WHAT YOU HAVE TO DO. Across the entries that follow, tally every line holding the word "avec" and reply with the count alone.

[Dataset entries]
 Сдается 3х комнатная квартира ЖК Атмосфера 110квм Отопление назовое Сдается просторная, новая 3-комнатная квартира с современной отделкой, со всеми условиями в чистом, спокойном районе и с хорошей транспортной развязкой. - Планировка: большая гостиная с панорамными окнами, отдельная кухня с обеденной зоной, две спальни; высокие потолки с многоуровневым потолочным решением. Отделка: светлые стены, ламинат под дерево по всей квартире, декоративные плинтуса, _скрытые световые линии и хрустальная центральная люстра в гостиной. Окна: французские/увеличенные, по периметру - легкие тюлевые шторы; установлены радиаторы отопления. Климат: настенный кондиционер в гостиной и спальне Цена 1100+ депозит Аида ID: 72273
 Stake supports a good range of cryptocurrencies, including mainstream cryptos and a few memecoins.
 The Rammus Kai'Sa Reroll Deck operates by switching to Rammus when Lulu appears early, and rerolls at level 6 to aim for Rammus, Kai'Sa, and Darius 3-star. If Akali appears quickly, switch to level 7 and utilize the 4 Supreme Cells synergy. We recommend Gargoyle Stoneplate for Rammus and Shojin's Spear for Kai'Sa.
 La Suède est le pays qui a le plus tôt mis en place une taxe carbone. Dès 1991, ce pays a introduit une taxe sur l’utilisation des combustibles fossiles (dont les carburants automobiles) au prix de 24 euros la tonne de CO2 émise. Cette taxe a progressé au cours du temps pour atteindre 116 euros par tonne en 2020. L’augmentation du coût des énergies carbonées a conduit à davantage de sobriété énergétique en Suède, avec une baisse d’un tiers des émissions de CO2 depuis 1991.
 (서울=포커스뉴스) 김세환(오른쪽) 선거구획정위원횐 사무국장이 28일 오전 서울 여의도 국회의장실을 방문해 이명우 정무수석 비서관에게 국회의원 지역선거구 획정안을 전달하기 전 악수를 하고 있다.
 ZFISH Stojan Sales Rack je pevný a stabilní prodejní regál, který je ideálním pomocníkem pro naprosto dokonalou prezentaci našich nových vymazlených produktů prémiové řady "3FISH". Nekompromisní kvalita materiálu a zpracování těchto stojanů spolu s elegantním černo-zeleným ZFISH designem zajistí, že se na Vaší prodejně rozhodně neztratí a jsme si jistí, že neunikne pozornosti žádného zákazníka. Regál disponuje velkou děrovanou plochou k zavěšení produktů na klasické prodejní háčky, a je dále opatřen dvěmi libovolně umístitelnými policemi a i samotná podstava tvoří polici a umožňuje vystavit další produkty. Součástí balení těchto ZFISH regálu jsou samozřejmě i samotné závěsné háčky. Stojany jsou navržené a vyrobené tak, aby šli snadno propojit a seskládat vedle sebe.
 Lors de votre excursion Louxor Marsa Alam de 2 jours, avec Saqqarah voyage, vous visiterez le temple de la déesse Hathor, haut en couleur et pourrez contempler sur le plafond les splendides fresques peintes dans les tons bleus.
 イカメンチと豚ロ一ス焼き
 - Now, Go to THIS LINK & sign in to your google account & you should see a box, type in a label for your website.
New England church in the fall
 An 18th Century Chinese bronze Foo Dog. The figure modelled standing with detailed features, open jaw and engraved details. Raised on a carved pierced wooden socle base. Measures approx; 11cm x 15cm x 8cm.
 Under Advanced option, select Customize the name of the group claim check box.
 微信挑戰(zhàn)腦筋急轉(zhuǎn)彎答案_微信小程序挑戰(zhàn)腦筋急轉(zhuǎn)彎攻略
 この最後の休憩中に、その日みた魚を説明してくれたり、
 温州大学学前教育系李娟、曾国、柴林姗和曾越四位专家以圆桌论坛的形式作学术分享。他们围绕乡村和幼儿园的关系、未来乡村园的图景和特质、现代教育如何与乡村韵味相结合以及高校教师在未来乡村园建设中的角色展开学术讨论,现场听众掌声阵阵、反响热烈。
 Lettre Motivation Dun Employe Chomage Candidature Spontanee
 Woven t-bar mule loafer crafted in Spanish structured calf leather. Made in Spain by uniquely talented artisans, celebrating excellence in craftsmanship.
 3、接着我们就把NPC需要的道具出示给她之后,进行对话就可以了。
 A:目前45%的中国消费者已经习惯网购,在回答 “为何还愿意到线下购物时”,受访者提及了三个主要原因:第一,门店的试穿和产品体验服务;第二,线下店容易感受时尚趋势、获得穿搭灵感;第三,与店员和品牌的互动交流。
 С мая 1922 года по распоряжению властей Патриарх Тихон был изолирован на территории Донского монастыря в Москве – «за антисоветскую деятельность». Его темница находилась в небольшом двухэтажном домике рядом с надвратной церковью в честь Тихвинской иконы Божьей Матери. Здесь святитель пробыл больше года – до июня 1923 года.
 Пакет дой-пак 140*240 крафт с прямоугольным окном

RESULT FOR THIS TASK. 2